------ Material shown ------

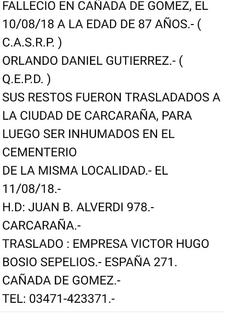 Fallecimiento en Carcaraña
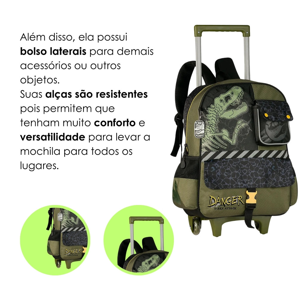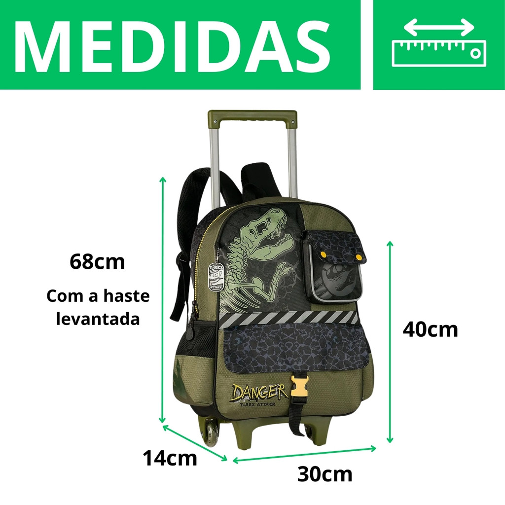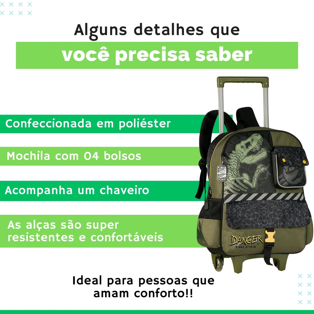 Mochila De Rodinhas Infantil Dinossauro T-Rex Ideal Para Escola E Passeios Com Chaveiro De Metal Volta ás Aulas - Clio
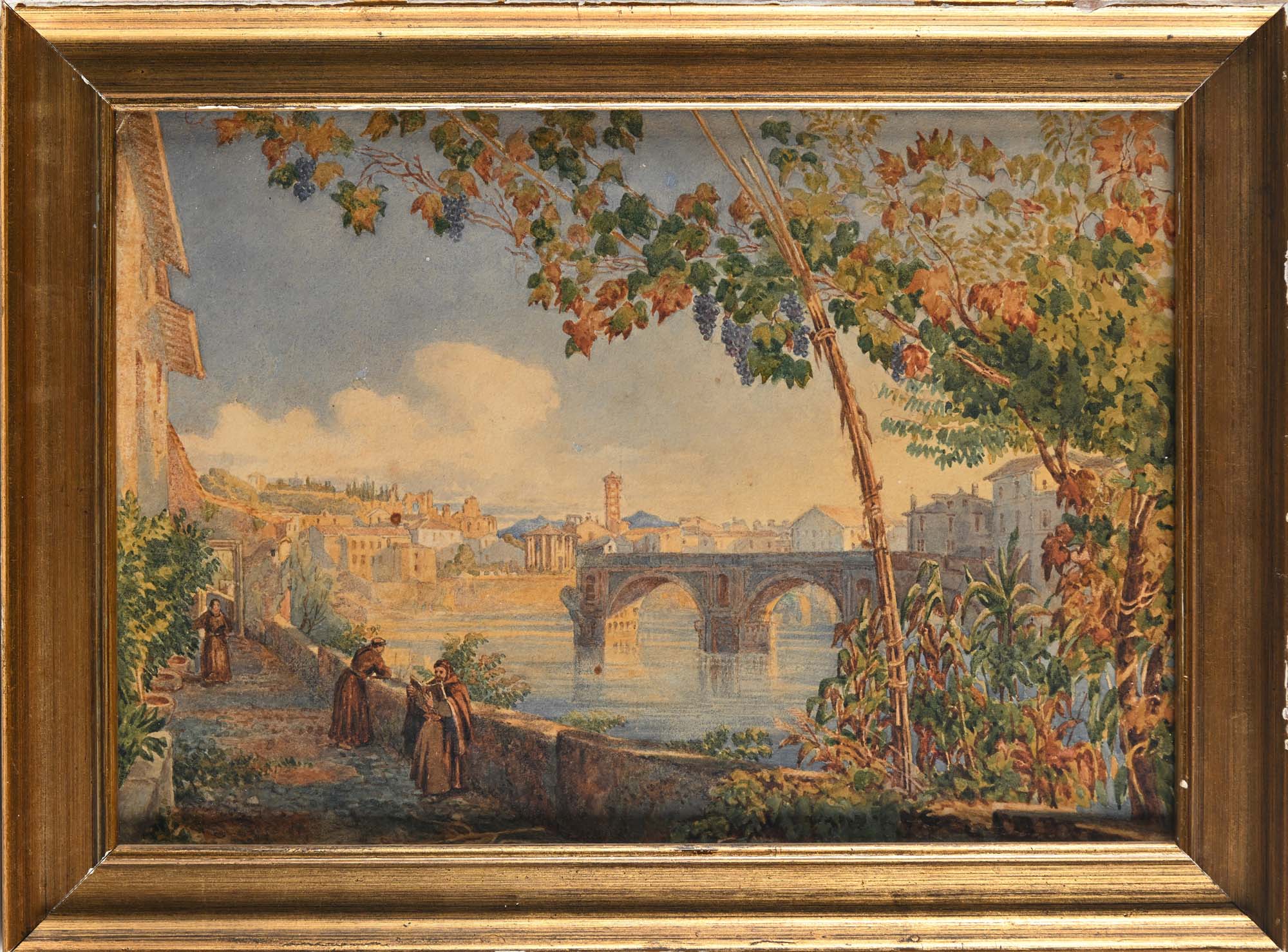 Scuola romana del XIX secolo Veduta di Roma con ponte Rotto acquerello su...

------
------ Material shown ------

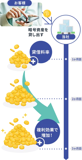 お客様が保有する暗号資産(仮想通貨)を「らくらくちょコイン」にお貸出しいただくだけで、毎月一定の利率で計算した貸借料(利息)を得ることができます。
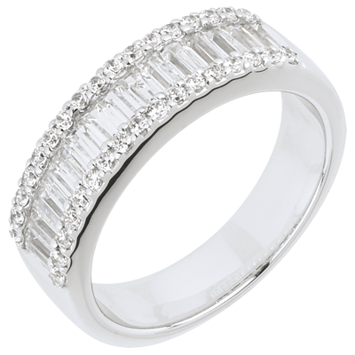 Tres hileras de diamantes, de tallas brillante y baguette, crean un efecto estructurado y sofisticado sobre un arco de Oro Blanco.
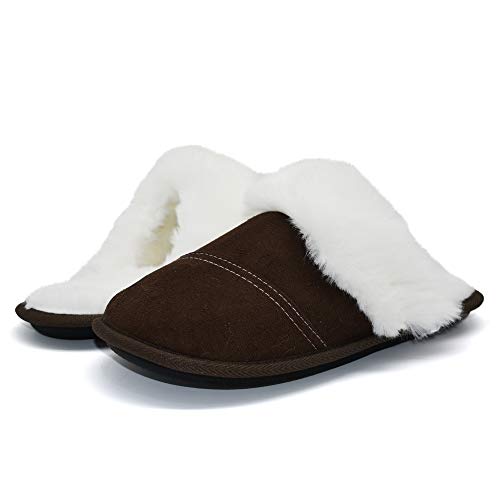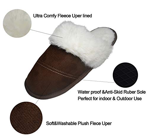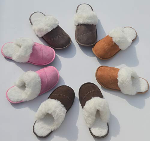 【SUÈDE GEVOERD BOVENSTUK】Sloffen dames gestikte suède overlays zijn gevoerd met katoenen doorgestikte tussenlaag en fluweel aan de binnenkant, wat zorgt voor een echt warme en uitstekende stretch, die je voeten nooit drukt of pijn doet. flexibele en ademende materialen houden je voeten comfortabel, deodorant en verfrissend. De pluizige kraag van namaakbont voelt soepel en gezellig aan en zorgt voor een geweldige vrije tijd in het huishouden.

------

**Prompt**
Within the material above, only the stretch from the line holding "Tres hileras de" through the line holding "in het huishouden." is to be restated exactly. Pictures are dropped.

**Response area**
 Tres hileras de diamantes, de tallas brillante y baguette, crean un efecto estructurado y sofisticado sobre un arco de Oro Blanco.
 【SUÈDE GEVOERD BOVENSTUK】Sloffen dames gestikte suède overlays zijn gevoerd met katoenen doorgestikte tussenlaag en fluweel aan de binnenkant, wat zorgt voor een echt warme en uitstekende stretch, die je voeten nooit drukt of pijn doet. flexibele en ademende materialen houden je voeten comfortabel, deodorant en verfrissend. De pluizige kraag van namaakbont voelt soepel en gezellig aan en zorgt voor een geweldige vrije tijd in het huishouden.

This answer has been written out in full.